Consider supporting OverloadedRecordDot
As far as I can tell, one of the biggest disadvantages that using FIR has compared to going with GLSL is the verbosity of shaders. With FIR now supporting GHC 9.2, there is an opportunity to mitigate this by providing instances for -XOverloadedRecordDot
.
For example, with a couple of instances, I was able to take this shader code
vertex :: ShaderModule "main" VertexShader VertexDefs _
vertex = shader do
time <- use @(Name "ubo" :.: Name "time")
windowWidth <- use @(Name "ubo" :.: Name "windowWidth")
windowHeight <- use @(Name "ubo" :.: Name "windowHeight")
floatWidth <- let' $ fromIntegral windowWidth
floatHeight <- let' $ fromIntegral windowHeight
phi <- let' $ time / 100
position <- #position
scl <- let' if floatHeight < floatWidth
then Mat22 (floatHeight / floatWidth) 0 0 1
else Mat22 1 0 0 (floatWidth / floatHeight)
rot <- let' $ Mat22 (cos phi) (sin phi) (-(sin phi)) (cos phi)

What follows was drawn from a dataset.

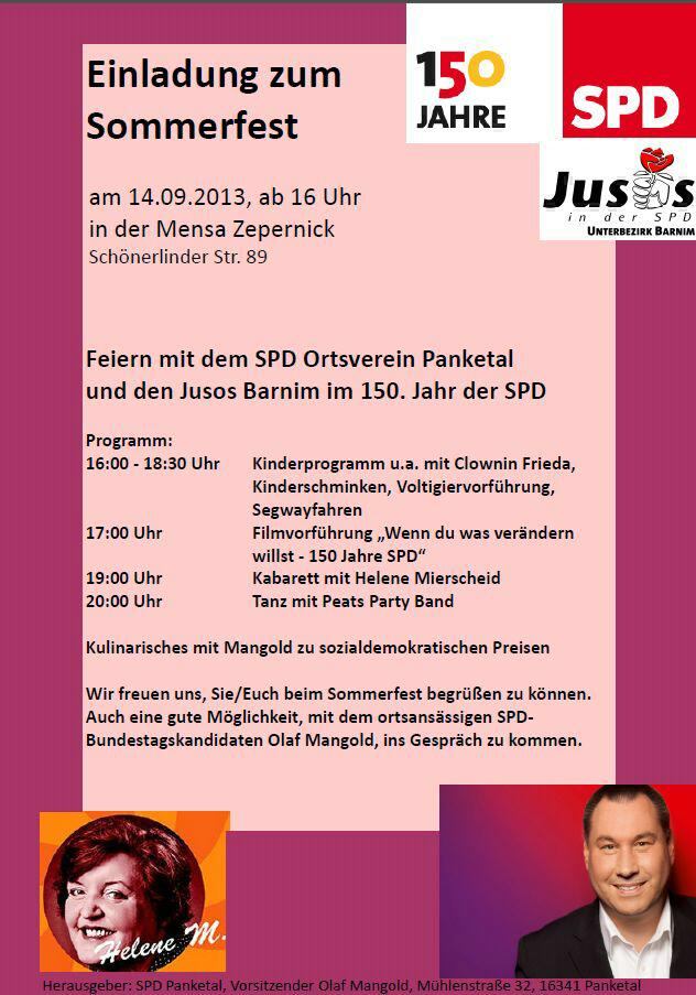 Der SPD-Ortsverein Panketal und die Jusos Barnim laden herzlich zur gemeinsamen Feier am Samstag, den 14. September 2013 ab 16 Uhr in und an der Schul-Mensa Zepernick, Schönerlinder Str. 89 ein.

pos' <- let' $ (scl !*! rot) !*^ position
#gl_Position .= Vec4 (view @(Swizzle "x") pos') (view @(Swizzle "y") pos') 0 1
color <- #color
#vertColor .=
Vec4 (view @(Swizzle "r") color) (view @(Swizzle "g") color) (view @(Swizzle "b") color) 0.3
#gl_PointSize .= 40
And reduce it to a somewhat more concise
vertex :: ShaderModule "main" VertexShader VertexDefs _
vertex = shader do
ubo <- #ubo
floatWidth <- let' $ fromIntegral ubo.windowWidth
floatHeight <- let' $ fromIntegral ubo.windowHeight
phi <- let' $ ubo.time / 100
position <- #position
scl <- let' if floatHeight < floatWidth
then Mat22 (floatHeight / floatWidth) 0 0 1
else Mat22 1 0 0 (floatWidth / floatHeight)
rot <- let' $ Mat22 (cos phi) (sin phi) (-(sin phi)) (cos phi)

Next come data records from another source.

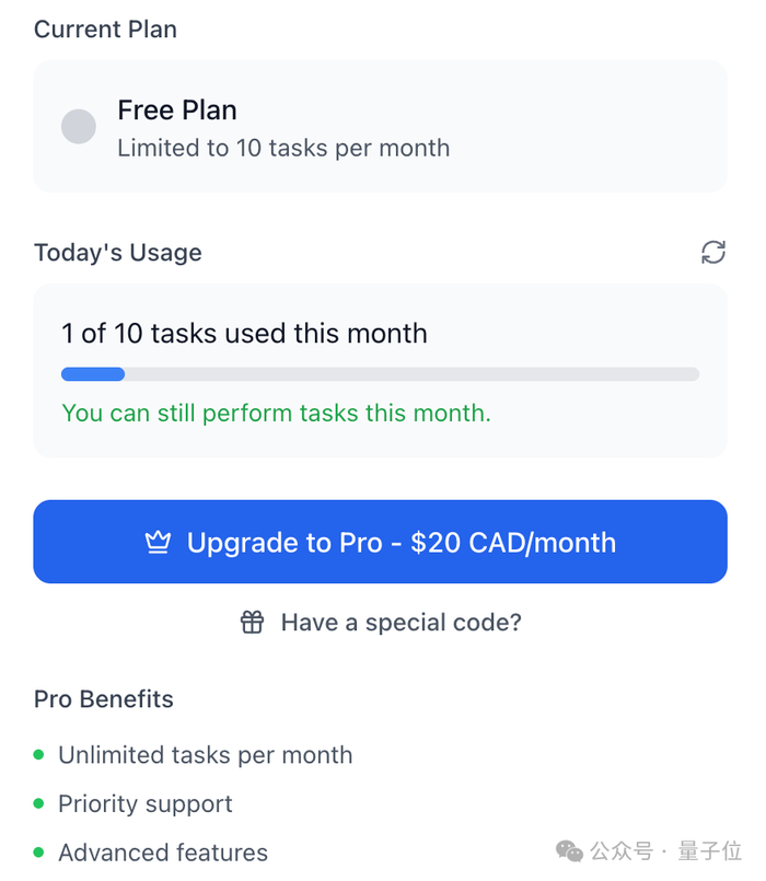 额外付费20加元(折合人民币105元)升级为Pro用户,即可享受无限次使用,并解锁高级功能,例如文本生成图像和视频、音频转录与生成等。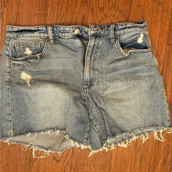 These blue jean shorts from Joe's Jeans feature a distressed design with a raw, frayed hemline, perf... Show more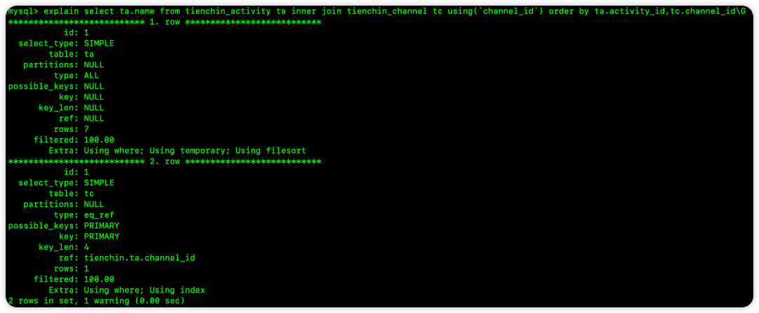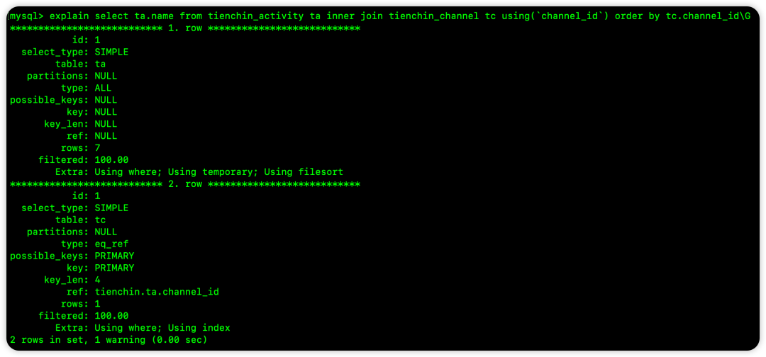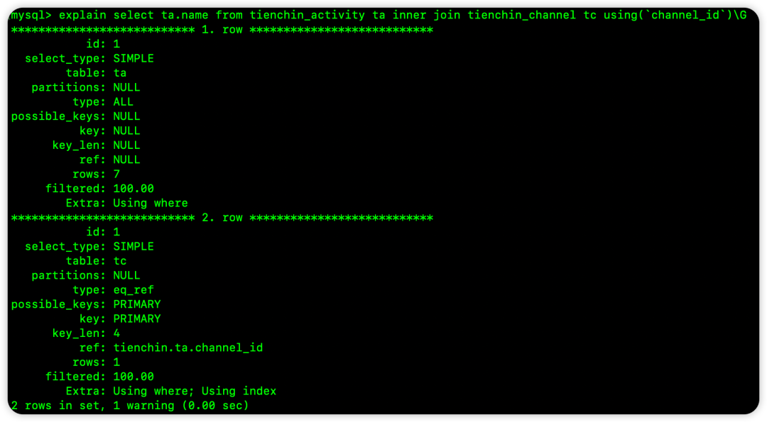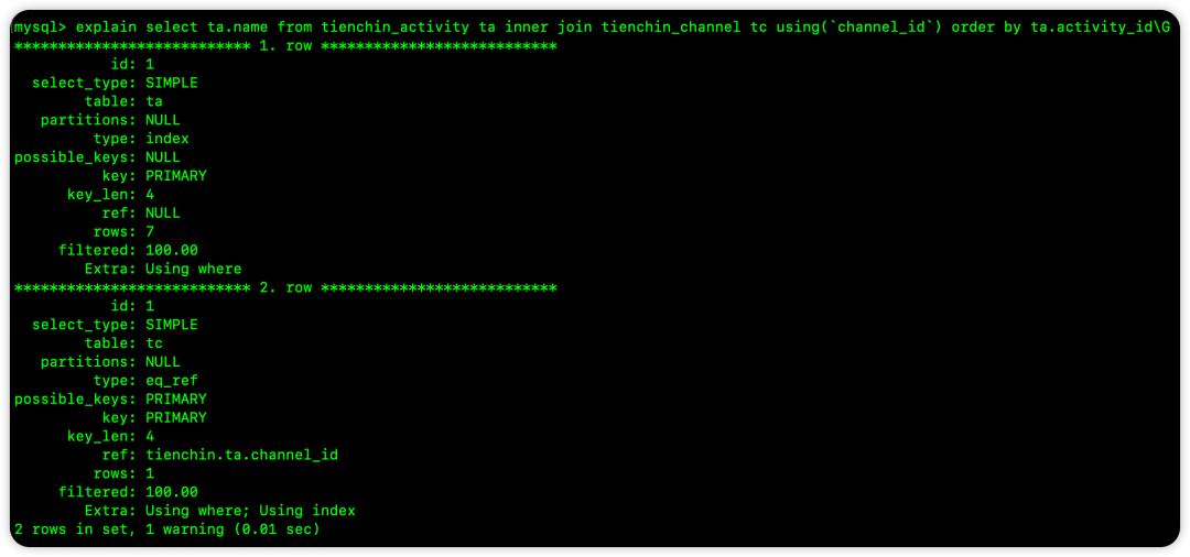 复制select ta.name from tienchin_activity ta inner join tienchin_channel tc using(`channel_id`)1.我们来看下这个 SQL 的执行计划: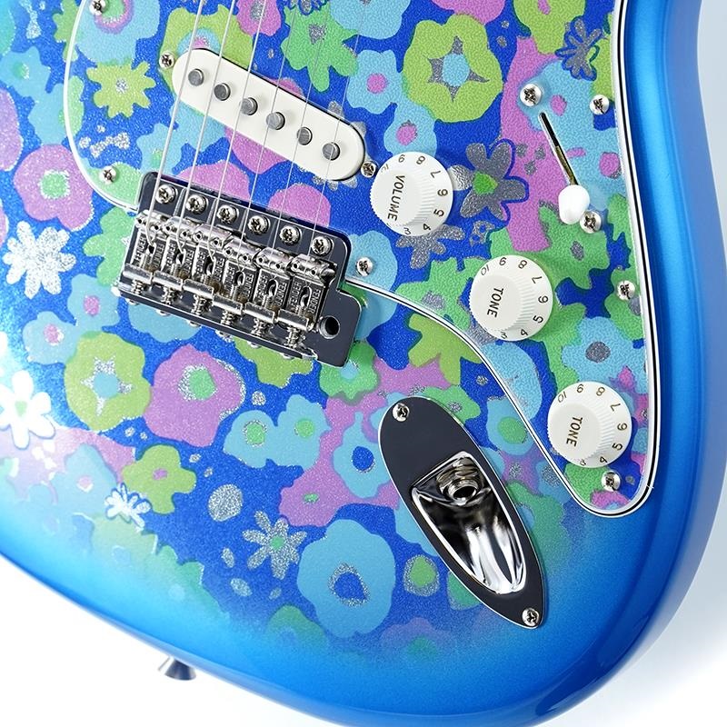 Made in Japan Limited Stratocaster Blue Flowerは、Blue Flowerのシートを貼り付けた、グロスフィニッシュのアルダーボディを採用。21本のヴィンテージスタイルフレットを装備した7.25インチラジアスの1969 Uシェイプメイプルネックが、当時を忠実に再現したクラシカルな演奏製を提供します。また外周のブルーバーストの再調色を行い、より深みのあるヴィンテージルックスに仕上げています。

pos' <- let' $ (scl !*! rot) !*^ position
#gl_Position .= Vec4 pos'.x pos'.y 0 1
color <- #color
#vertColor .=
Vec4 color.r color.g color.b 0.3
#gl_PointSize .= 40
As an added benefit, color.r
is much easier to read to someone new to the library compared to view @(Swizzle "r") color
, since it's exactly the same syntax as in GLSL.

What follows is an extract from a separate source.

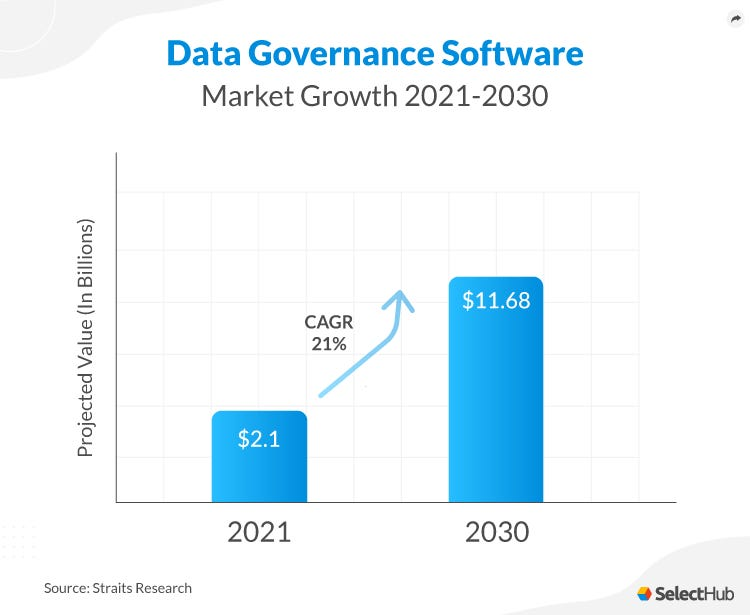据Straits Research预测,到2030年,全球数据治理软件的市场总值预计将达到1168亿美元。
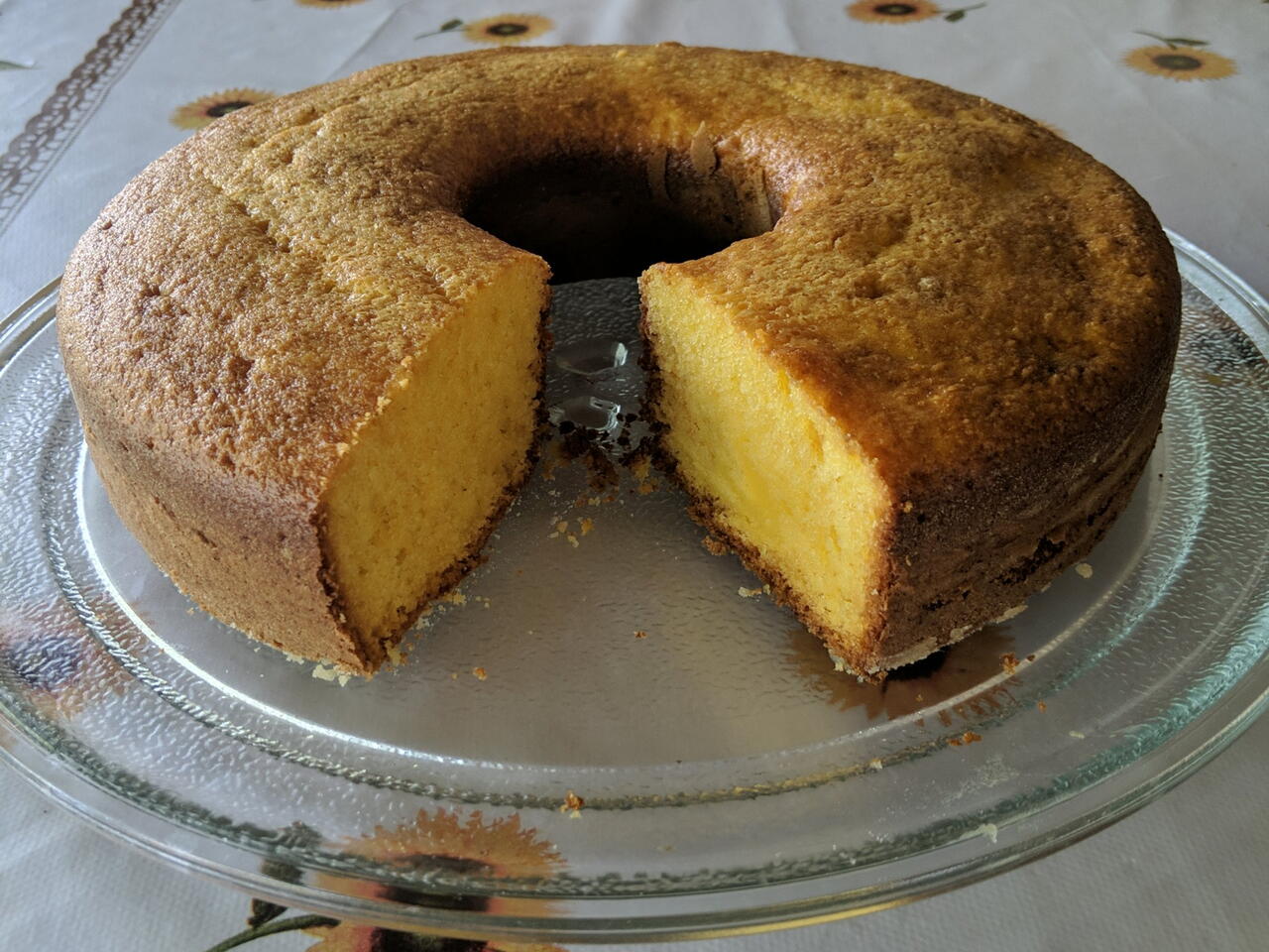 Adicionar a farinha de trigo, o fubá, desligue o liquidificador e acresente 1 colher bem cheia de fermento em pó.

The instances I used for this (this requires -XUndecidableInstances
) are
instance {-# OVERLAPPING #-}
(PrimTy a, PrimTyMap r, KnownSymbol x)
=> HasField x (Code (Struct ((x ':-> a) : r))) (Code a) where
getField = view @(Name x)
instance {-# OVERLAPPABLE #-}
( ReifiedGetter (Name x :: Optic '[] (Code (Struct ((t ':-> t'):s))) (Code a))
, HasField x (Code (Struct s)) (Code a))
=> HasField x (Code (Struct ((t ':-> t'):s))) (Code a) where
getField = view @(Name x)
type family SymbolIndex s where
SymbolIndex "x" = 0
SymbolIndex "y" = 1
SymbolIndex "z" = 2
SymbolIndex "w" = 3
SymbolIndex "r" = 0
SymbolIndex "g" = 1
SymbolIndex "b" = 2
SymbolIndex "a" = 3
SymbolIndex "s" = 0
SymbolIndex "t" = 1
SymbolIndex "p" = 2
SymbolIndex "q" = 3
instance (i ~ SymbolIndex s, PrimTy a, KnownNat n, KnownNat i, CmpNat i n ~ LT)
=> HasField s (Code (V n a)) (Code a) where
getField = view @(Index i)
Though it's probably possible to make a shorter and non-overlapping struct instance with access to some of FIR's hidden modules.
It might also to be possible to support general Swizzles like color.gb
by exploiting the existing optics mechanisms.